• [DATA SECTION]:
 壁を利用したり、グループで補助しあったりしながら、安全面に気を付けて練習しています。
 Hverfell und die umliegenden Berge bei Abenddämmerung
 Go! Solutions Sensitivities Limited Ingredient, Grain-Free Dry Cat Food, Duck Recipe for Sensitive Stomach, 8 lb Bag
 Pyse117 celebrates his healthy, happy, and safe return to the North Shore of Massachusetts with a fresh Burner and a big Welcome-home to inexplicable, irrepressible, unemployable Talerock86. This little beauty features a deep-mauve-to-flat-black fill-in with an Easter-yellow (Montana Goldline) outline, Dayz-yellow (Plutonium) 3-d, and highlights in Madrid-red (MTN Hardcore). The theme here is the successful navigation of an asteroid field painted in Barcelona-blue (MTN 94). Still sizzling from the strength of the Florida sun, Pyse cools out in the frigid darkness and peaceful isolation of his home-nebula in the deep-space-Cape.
==
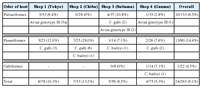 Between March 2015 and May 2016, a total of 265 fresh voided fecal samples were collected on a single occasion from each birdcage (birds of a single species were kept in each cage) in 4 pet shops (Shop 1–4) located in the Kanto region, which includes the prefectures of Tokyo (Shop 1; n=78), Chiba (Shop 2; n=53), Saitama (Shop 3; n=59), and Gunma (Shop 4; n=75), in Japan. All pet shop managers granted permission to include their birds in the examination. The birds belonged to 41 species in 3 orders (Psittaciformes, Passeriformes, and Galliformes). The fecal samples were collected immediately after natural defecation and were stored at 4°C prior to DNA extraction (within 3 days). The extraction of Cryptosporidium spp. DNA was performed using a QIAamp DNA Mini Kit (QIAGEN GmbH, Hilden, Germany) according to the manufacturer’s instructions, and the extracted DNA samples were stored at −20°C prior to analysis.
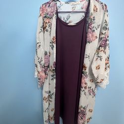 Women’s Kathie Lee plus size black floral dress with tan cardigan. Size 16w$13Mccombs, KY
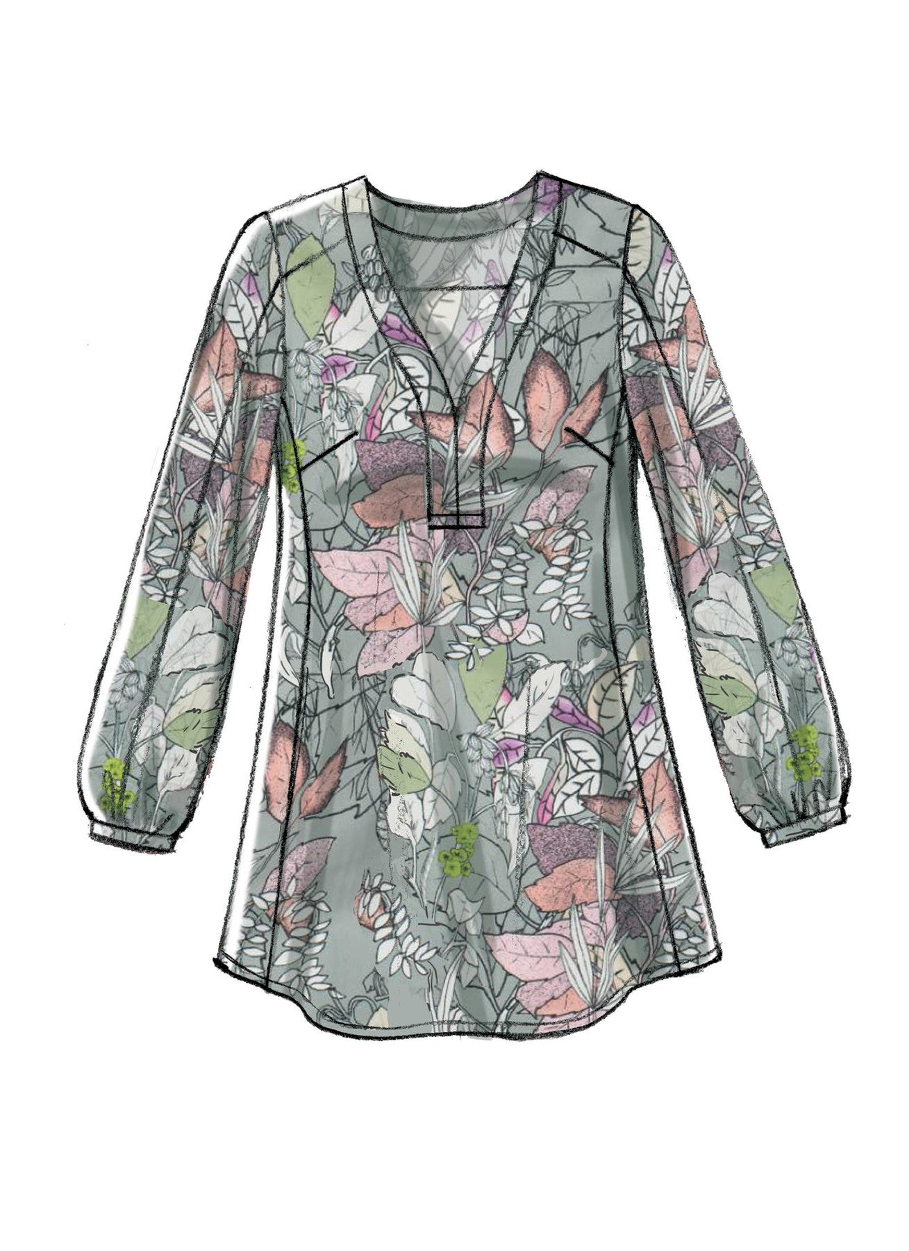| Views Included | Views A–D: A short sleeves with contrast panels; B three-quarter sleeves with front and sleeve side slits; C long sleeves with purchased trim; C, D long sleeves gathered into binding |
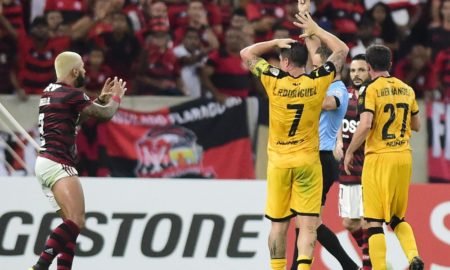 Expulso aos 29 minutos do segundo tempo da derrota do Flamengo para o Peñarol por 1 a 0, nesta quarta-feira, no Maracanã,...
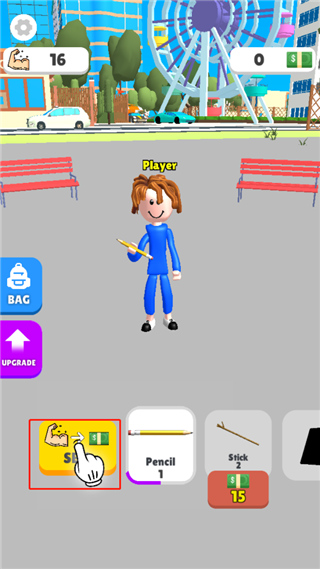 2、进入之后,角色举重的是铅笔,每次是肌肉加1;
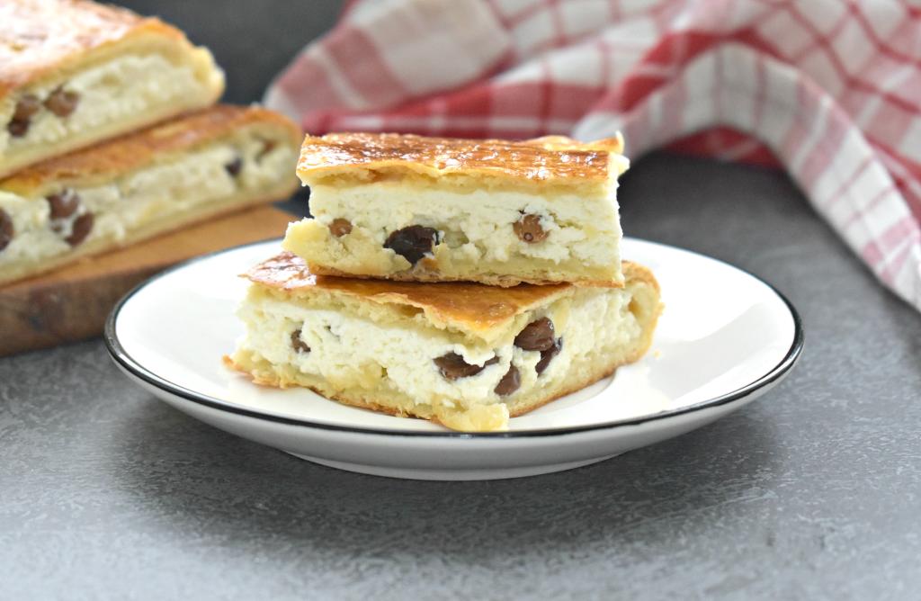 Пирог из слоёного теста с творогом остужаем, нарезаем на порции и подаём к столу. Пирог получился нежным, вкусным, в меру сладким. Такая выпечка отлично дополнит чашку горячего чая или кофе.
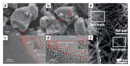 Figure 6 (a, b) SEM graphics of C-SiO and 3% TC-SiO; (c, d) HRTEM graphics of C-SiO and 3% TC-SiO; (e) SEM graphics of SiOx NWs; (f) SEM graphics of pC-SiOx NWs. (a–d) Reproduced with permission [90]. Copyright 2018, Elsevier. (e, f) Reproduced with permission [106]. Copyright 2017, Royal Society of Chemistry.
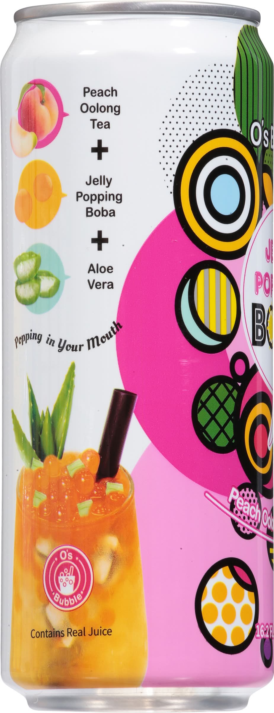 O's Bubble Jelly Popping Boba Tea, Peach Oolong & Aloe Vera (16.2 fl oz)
---
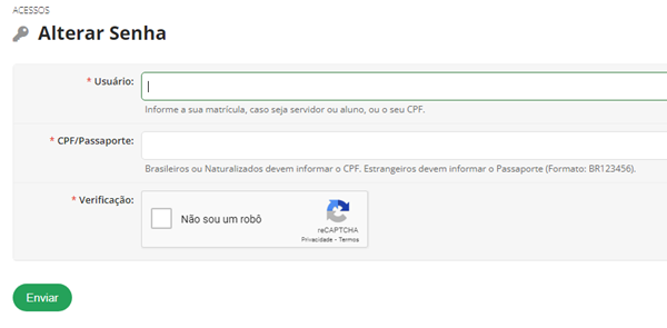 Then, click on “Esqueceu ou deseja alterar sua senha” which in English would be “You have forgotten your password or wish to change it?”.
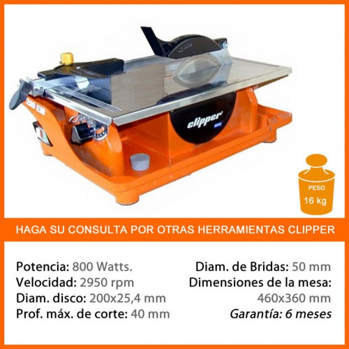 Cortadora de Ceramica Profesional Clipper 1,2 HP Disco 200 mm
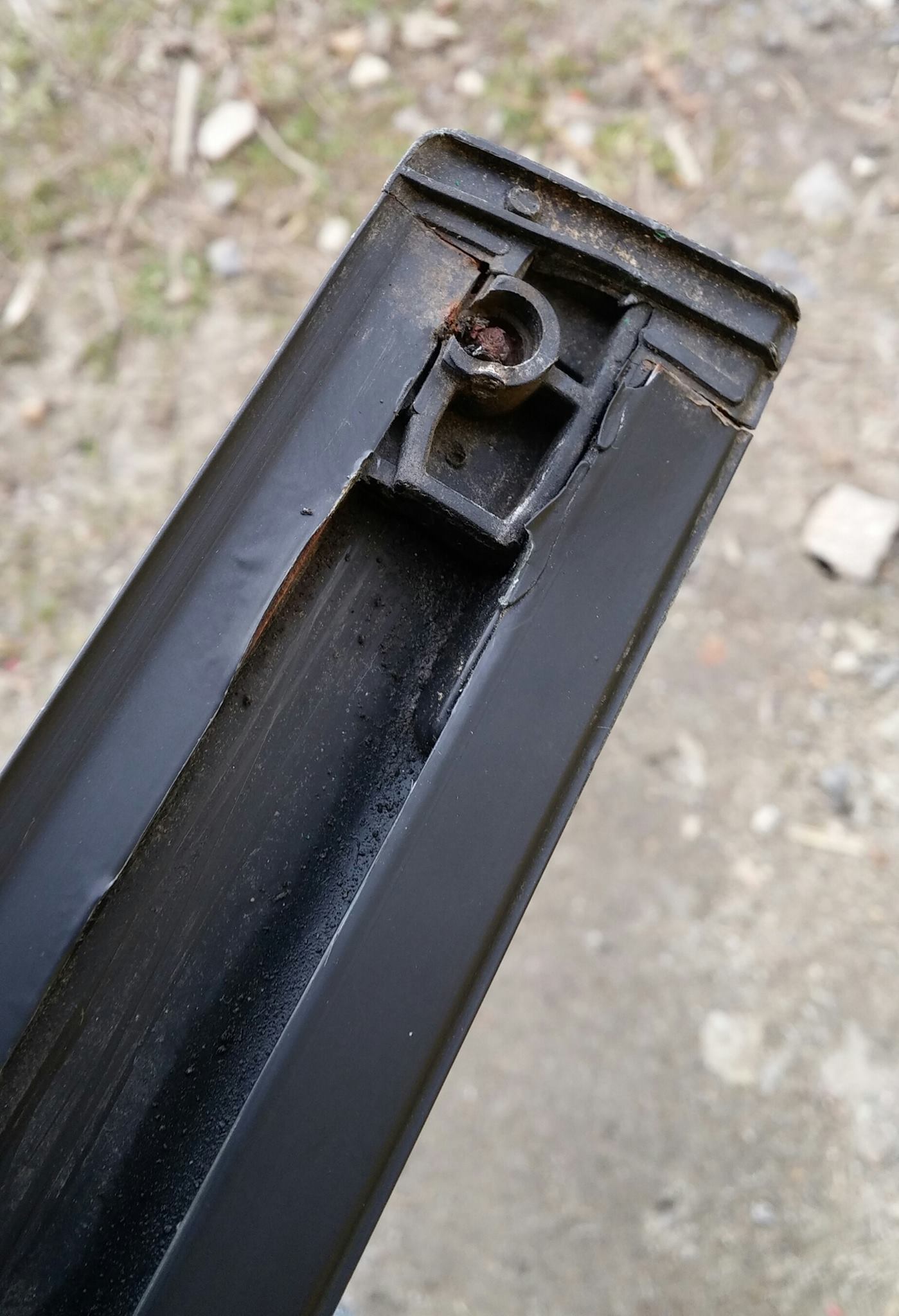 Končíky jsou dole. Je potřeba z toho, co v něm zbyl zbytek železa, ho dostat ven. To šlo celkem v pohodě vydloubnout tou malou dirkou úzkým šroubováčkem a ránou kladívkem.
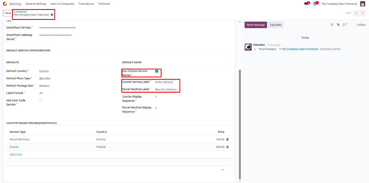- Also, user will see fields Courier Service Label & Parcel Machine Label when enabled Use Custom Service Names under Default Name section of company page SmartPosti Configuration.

• [EXERCISE AIM]: Nothing but the lines above from the line with "Cortadora de Ceramica" up to and including the line with "Končíky jsou dole." should be returned, exactly as written and without pictures.

• [RESULT BELOW]:
 Cortadora de Ceramica Profesional Clipper 1,2 HP Disco 200 mm
 Končíky jsou dole. Je potřeba z toho, co v něm zbyl zbytek železa, ho dostat ven. To šlo celkem v pohodě vydloubnout tou malou dirkou úzkým šroubováčkem a ránou kladívkem.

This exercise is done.